** MATERIAL FOR THIS TASK **
[Start of Attachment]

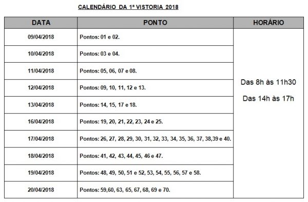 Os permissionários do serviço de táxi em Vitória da Conquista devem ficar atentos ao prazo da primeira vistoria técnica para o ano de 2018. A ação, realizada pela Secretaria Municipal de Mobilidade Urbana (Semob), será executada de 9 a 20 de abril, no Deserg, localizado na Rua Santa Catarina, s/n, bairro Patagônia.
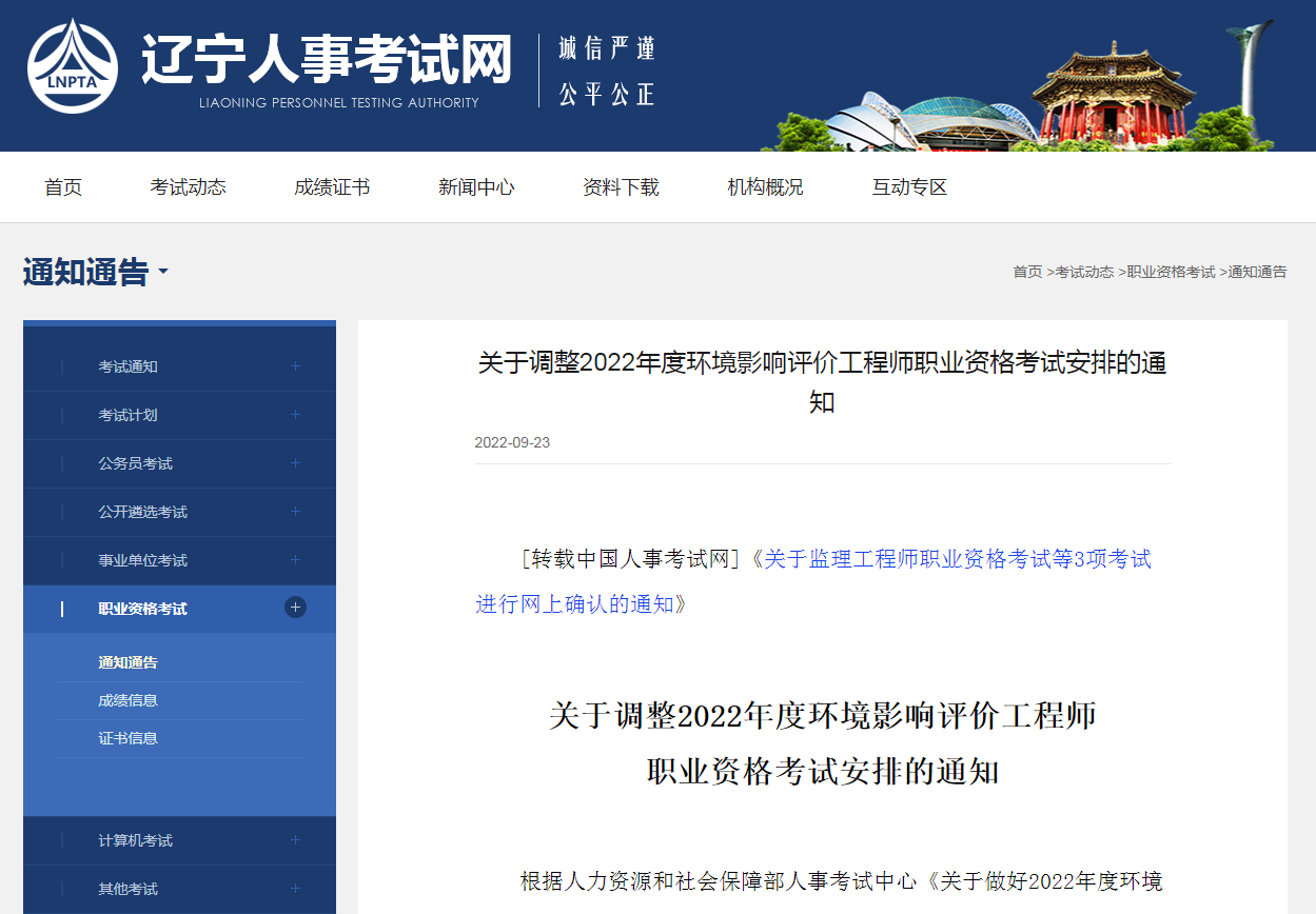 辽宁根据人力资源和社会保障部人事考试中心《关于做好2022年度环境影响评价工程师职业资格考试暂停考试地区补考考务工作的通知》(人考中心函〔2022〕64号),2022年度环境影响评价工程师职业资格考试调整至11月26、27日举行。现将有关事项通知如下:
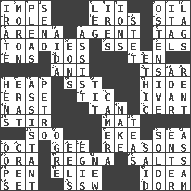 ACROSS 1. Naughty children 5. Cards in a Roman deck? 8. Lubricate 11. Hero or heavy, e.g. 12. Greek god of love 14. R.R. building 15. Sports stadium 17. Rep 18. Label 19. Sycophants 21. Compass dir. 22. Raised railways 23. Followers of ems 24. Two (Sp.) 25. "___ Little Indians" 27. Black tropical American cuckoo 28. Russian ruler of old 31. Pile 35. Fast jet (abbr.) 37. Flintstone garb 38. Celtic language 39. Nervous spasm 41. _ the terrible 42. Political cartoonist Thomas 43. Scottish cap 45. Sure thing 46. Tumult 47. Floor covering 49. "Barney Miller" actor Jack 51. Supplement with great effort 52. Ocean 55. Sep. follower 57. Turn to the right 60. Thinks logically 62. Mouth or opening 63. Canadian anthropologist Darnell 65. Table seasonings 66. Animal enclosure 67. Writer Wiesel 68. The content of cognition 69. Put into a specified state 70. Compass dir. 71. Dormintory (informal) DOWN 1. Feeling or showing extreme anger 2. Person of subnormal intelligence 3. Entreaties 4. Transmit 5. Part of a journey 6. Angers 7. Charged atoms 8. Clearly or manifestly demonstrative 9. Slanted text style (abbr.) 10. Fails to keep up a pace 13. Proofreading order 16. Opera by Verdi 17. Help 20. Immeasurably long periods of time 26. Value system 29. The sixth month of the Jewish calendar 30. Monthly bill 31. Coop moms 32. Part of Q.E.F. 33. Aide 34. Stone: prefix 36. Teat (slang) 40. Device for capturing images 44. Cause to be 48. Beverages made from leaves 50. Legendary monster 52. Twentieth part of a lira 53. Keyboard key 54. Indian state 55. I made a mistake 56. Algonquian 58. Snakelike fish 59. The front part of a cuirass 61. Expressed in words 64. ___ Haven, CT
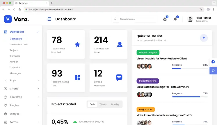 Vora is an HTML-based SaaS dashboard template used when teams need analytics dashboards without committing to a frontend framework. It works best for server-rendered reporting tools and backend-driven analytics where the UI layer stays thin.
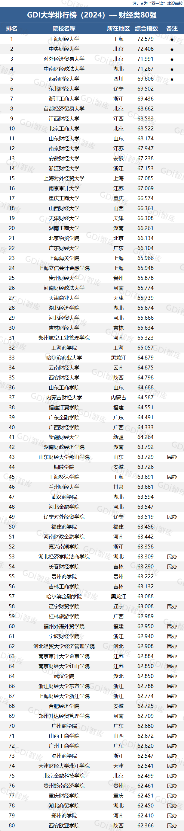 在“GDI大学排行榜(2024)— 财经类80强”中,上海财经大学、中央财经大学、对外经济贸易大学位居前三,排名四至十位的分别是:中南财经政法大学、西南财经大学、东北财经大学、浙江工商大学、首都经济贸易大学、江西财经大学和北京工商大学。
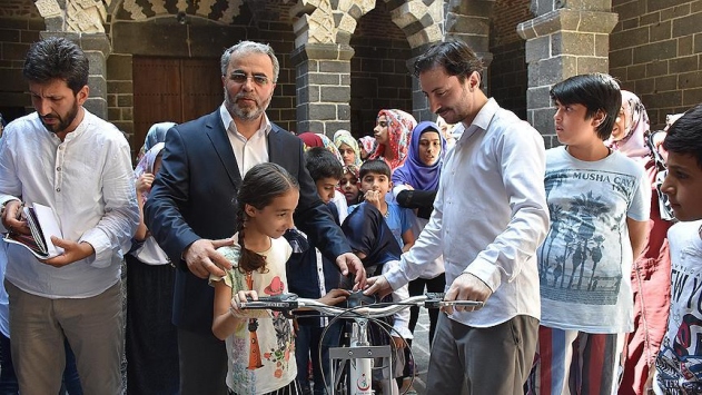 Diyarbakır Büyükşehir Belediyesince, merkez Sur ilçesindeki camilerde yaz Kur'an kursu eğitimini tamamlayan öğrencilere, bisiklet hediye edildi.
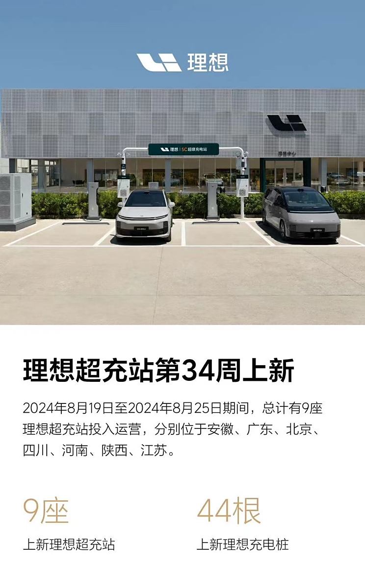 近日,理想官方公布了2024年第34周的超充站建设进展情况。在这一周内,理想汽车共建设了9座新的超充站,并且投入运营了44根充电桩,分别位于安徽、广东、北京、四川、河南、陕西和江苏等地。
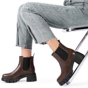 Dream Pairs Womens Brown Polyurethane (PU) Slip On Chunky Platform Ankle Boots
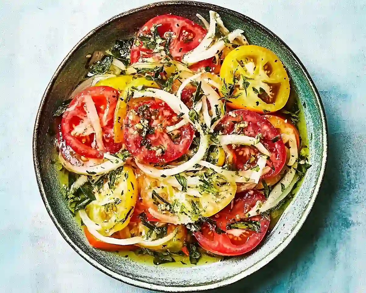 A stunning heirloom tomato salad featuring crisp fennel, briny Castelvetrano olives, and a garlicky-herb vinaigrette. This fresh, minimal-effort recipe comes together in just 10 minutes and celebrates peak summer produce with elegant simplicity.
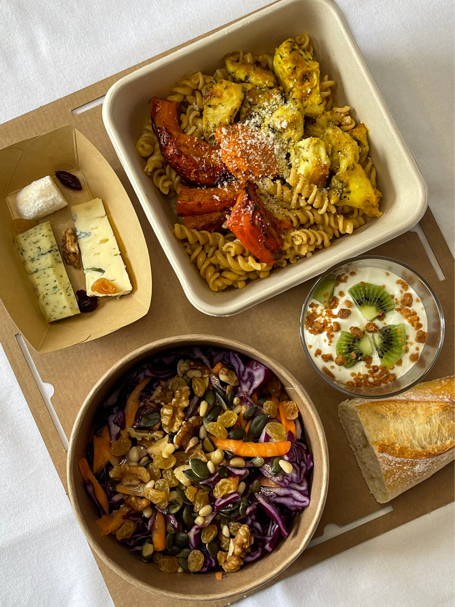 Plateaux individuels, idéal pour les réunions plus formelles, chaque personne dispose de son plateau comprenant : entrée, plat, fromage, dessert, couverts, gobelet, serviette.
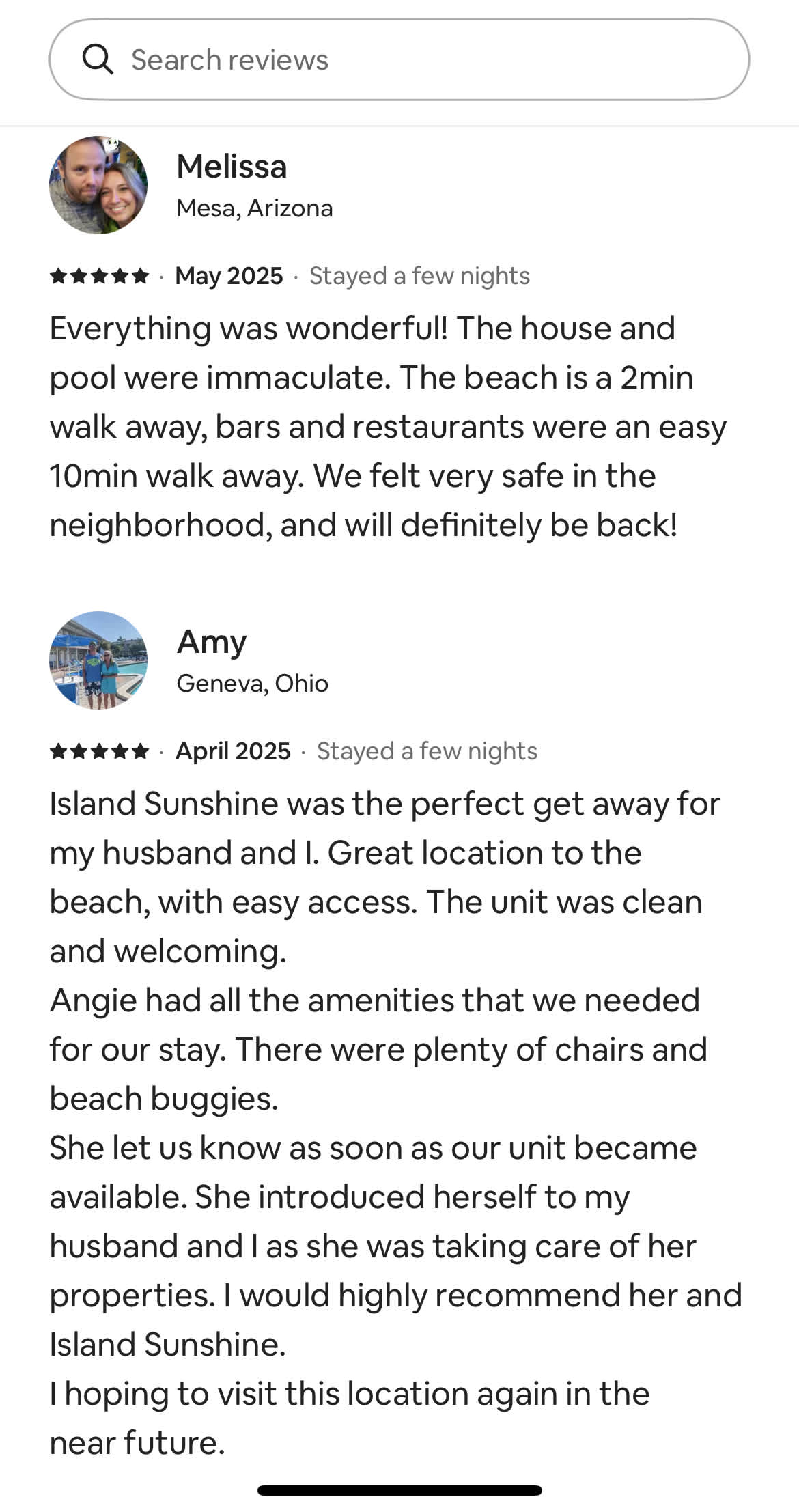 Angie is a fantastic host and island sunshine was the perfect location for our family. Great proximity to the beach and local restaurants, while also having wonderful amenities onsite like the heated pool and grill to be able to relax and enjoy the Florida weather. Would absolutely visit again and recommend.
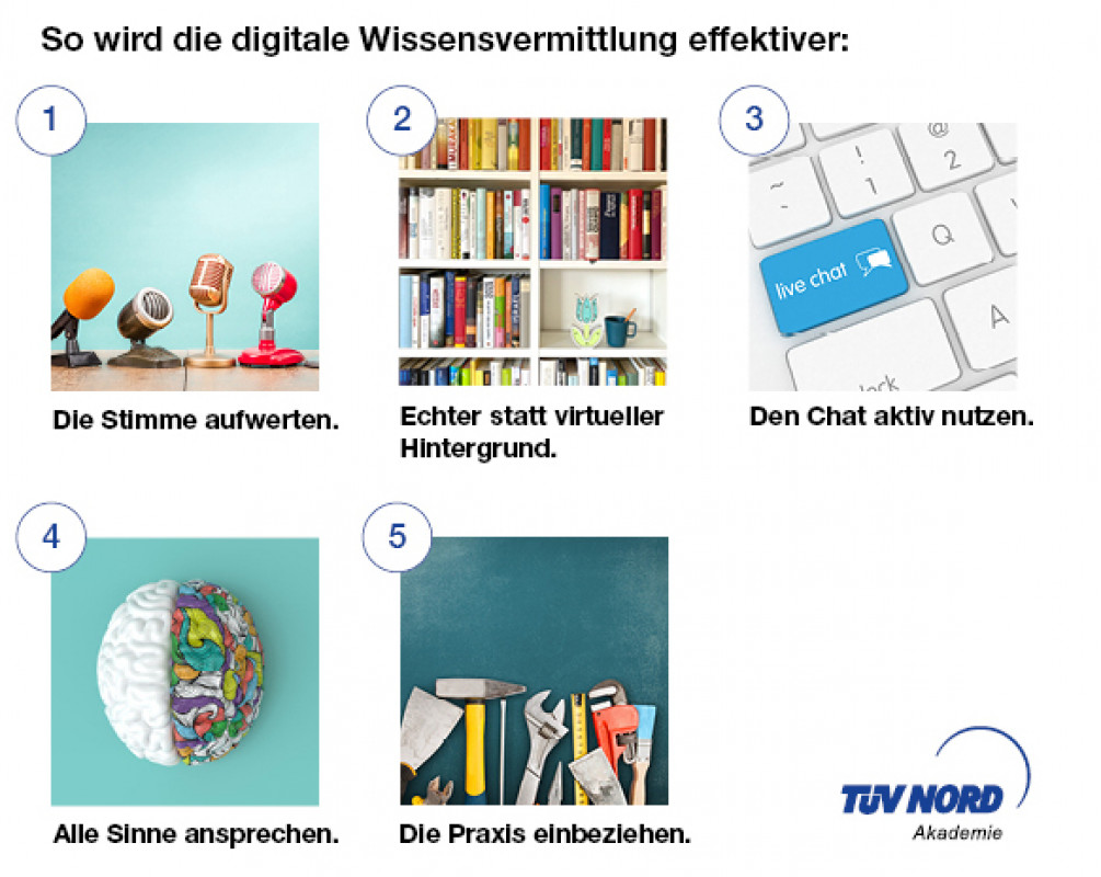 „Virtuelle Trainings bieten tatsächlich viel mehr Möglichkeiten, als man auf den ersten Blick vermutet“, betont Melanie Rudolph.„Wer sie gut plant und vielseitig ausgestaltet, ermöglicht Teilnehmenden auch rein digital ein bereicherndes Lernerlebnis.“ Weiterführende Informationen zum Wissenstransfer in Unternehmen sind im Wissensportal der TÜV NORD Akademie zu finden.
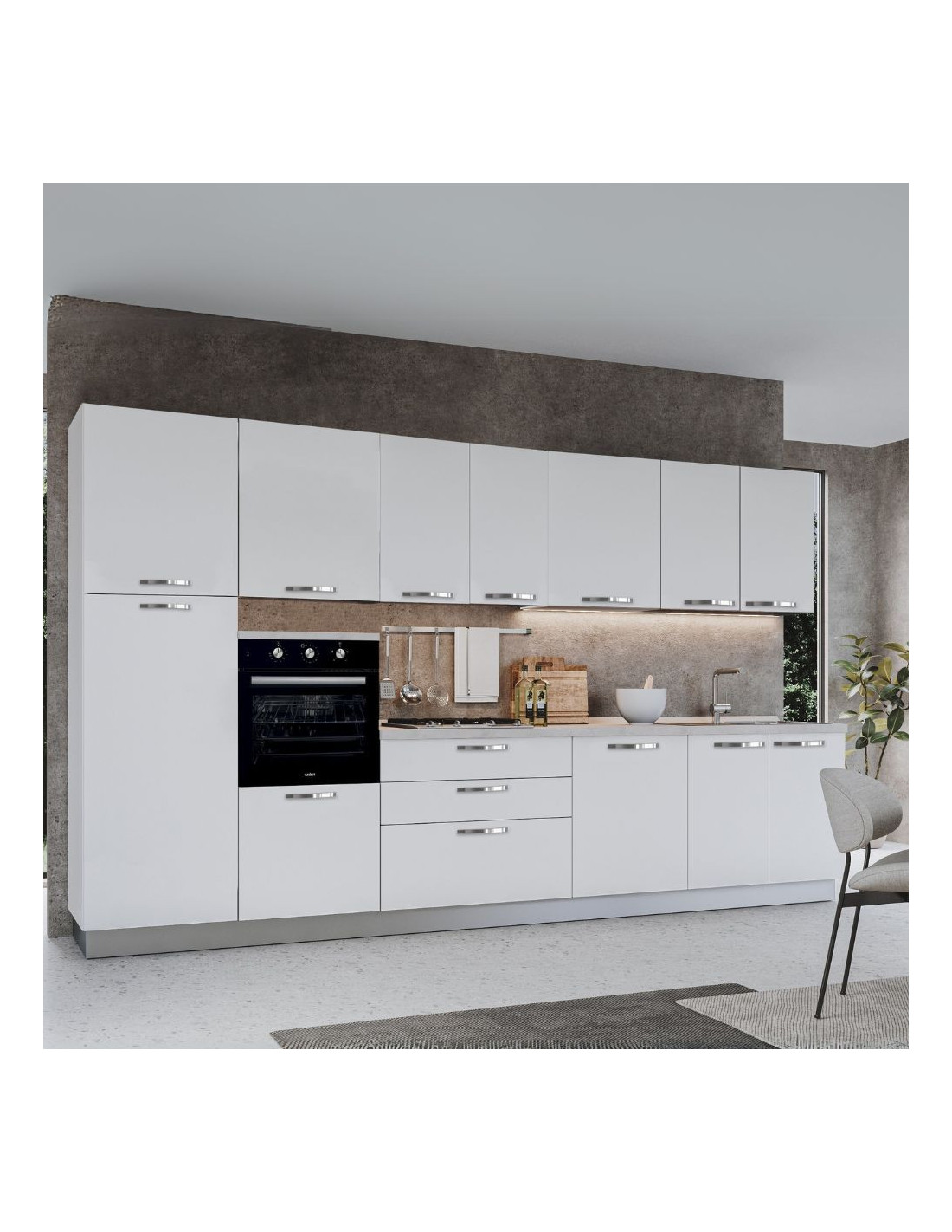 Cucina reversibile Petunia base 360 cm con elettrodomestici inclusi colore bianco lucido

[End of Attachment]

** EXERCISE **
Omit the pictures and output all of the other material exactly.

** RESULT OF THIS EXERCISE **
 Os permissionários do serviço de táxi em Vitória da Conquista devem ficar atentos ao prazo da primeira vistoria técnica para o ano de 2018. A ação, realizada pela Secretaria Municipal de Mobilidade Urbana (Semob), será executada de 9 a 20 de abril, no Deserg, localizado na Rua Santa Catarina, s/n, bairro Patagônia.
 辽宁根据人力资源和社会保障部人事考试中心《关于做好2022年度环境影响评价工程师职业资格考试暂停考试地区补考考务工作的通知》(人考中心函〔2022〕64号),2022年度环境影响评价工程师职业资格考试调整至11月26、27日举行。现将有关事项通知如下:
 ACROSS 1. Naughty children 5. Cards in a Roman deck? 8. Lubricate 11. Hero or heavy, e.g. 12. Greek god of love 14. R.R. building 15. Sports stadium 17. Rep 18. Label 19. Sycophants 21. Compass dir. 22. Raised railways 23. Followers of ems 24. Two (Sp.) 25. "___ Little Indians" 27. Black tropical American cuckoo 28. Russian ruler of old 31. Pile 35. Fast jet (abbr.) 37. Flintstone garb 38. Celtic language 39. Nervous spasm 41. _ the terrible 42. Political cartoonist Thomas 43. Scottish cap 45. Sure thing 46. Tumult 47. Floor covering 49. "Barney Miller" actor Jack 51. Supplement with great effort 52. Ocean 55. Sep. follower 57. Turn to the right 60. Thinks logically 62. Mouth or opening 63. Canadian anthropologist Darnell 65. Table seasonings 66. Animal enclosure 67. Writer Wiesel 68. The content of cognition 69. Put into a specified state 70. Compass dir. 71. Dormintory (informal) DOWN 1. Feeling or showing extreme anger 2. Person of subnormal intelligence 3. Entreaties 4. Transmit 5. Part of a journey 6. Angers 7. Charged atoms 8. Clearly or manifestly demonstrative 9. Slanted text style (abbr.) 10. Fails to keep up a pace 13. Proofreading order 16. Opera by Verdi 17. Help 20. Immeasurably long periods of time 26. Value system 29. The sixth month of the Jewish calendar 30. Monthly bill 31. Coop moms 32. Part of Q.E.F. 33. Aide 34. Stone: prefix 36. Teat (slang) 40. Device for capturing images 44. Cause to be 48. Beverages made from leaves 50. Legendary monster 52. Twentieth part of a lira 53. Keyboard key 54. Indian state 55. I made a mistake 56. Algonquian 58. Snakelike fish 59. The front part of a cuirass 61. Expressed in words 64. ___ Haven, CT
 Vora is an HTML-based SaaS dashboard template used when teams need analytics dashboards without committing to a frontend framework. It works best for server-rendered reporting tools and backend-driven analytics where the UI layer stays thin.
 在“GDI大学排行榜(2024)— 财经类80强”中,上海财经大学、中央财经大学、对外经济贸易大学位居前三,排名四至十位的分别是:中南财经政法大学、西南财经大学、东北财经大学、浙江工商大学、首都经济贸易大学、江西财经大学和北京工商大学。
 Diyarbakır Büyükşehir Belediyesince, merkez Sur ilçesindeki camilerde yaz Kur'an kursu eğitimini tamamlayan öğrencilere, bisiklet hediye edildi.
 近日,理想官方公布了2024年第34周的超充站建设进展情况。在这一周内,理想汽车共建设了9座新的超充站,并且投入运营了44根充电桩,分别位于安徽、广东、北京、四川、河南、陕西和江苏等地。
 Dream Pairs Womens Brown Polyurethane (PU) Slip On Chunky Platform Ankle Boots
 A stunning heirloom tomato salad featuring crisp fennel, briny Castelvetrano olives, and a garlicky-herb vinaigrette. This fresh, minimal-effort recipe comes together in just 10 minutes and celebrates peak summer produce with elegant simplicity.
 Plateaux individuels, idéal pour les réunions plus formelles, chaque personne dispose de son plateau comprenant : entrée, plat, fromage, dessert, couverts, gobelet, serviette.
 Angie is a fantastic host and island sunshine was the perfect location for our family. Great proximity to the beach and local restaurants, while also having wonderful amenities onsite like the heated pool and grill to be able to relax and enjoy the Florida weather. Would absolutely visit again and recommend.
 „Virtuelle Trainings bieten tatsächlich viel mehr Möglichkeiten, als man auf den ersten Blick vermutet“, betont Melanie Rudolph.„Wer sie gut plant und vielseitig ausgestaltet, ermöglicht Teilnehmenden auch rein digital ein bereicherndes Lernerlebnis.“ Weiterführende Informationen zum Wissenstransfer in Unternehmen sind im Wissensportal der TÜV NORD Akademie zu finden.
 Cucina reversibile Petunia base 360 cm con elettrodomestici inclusi colore bianco lucido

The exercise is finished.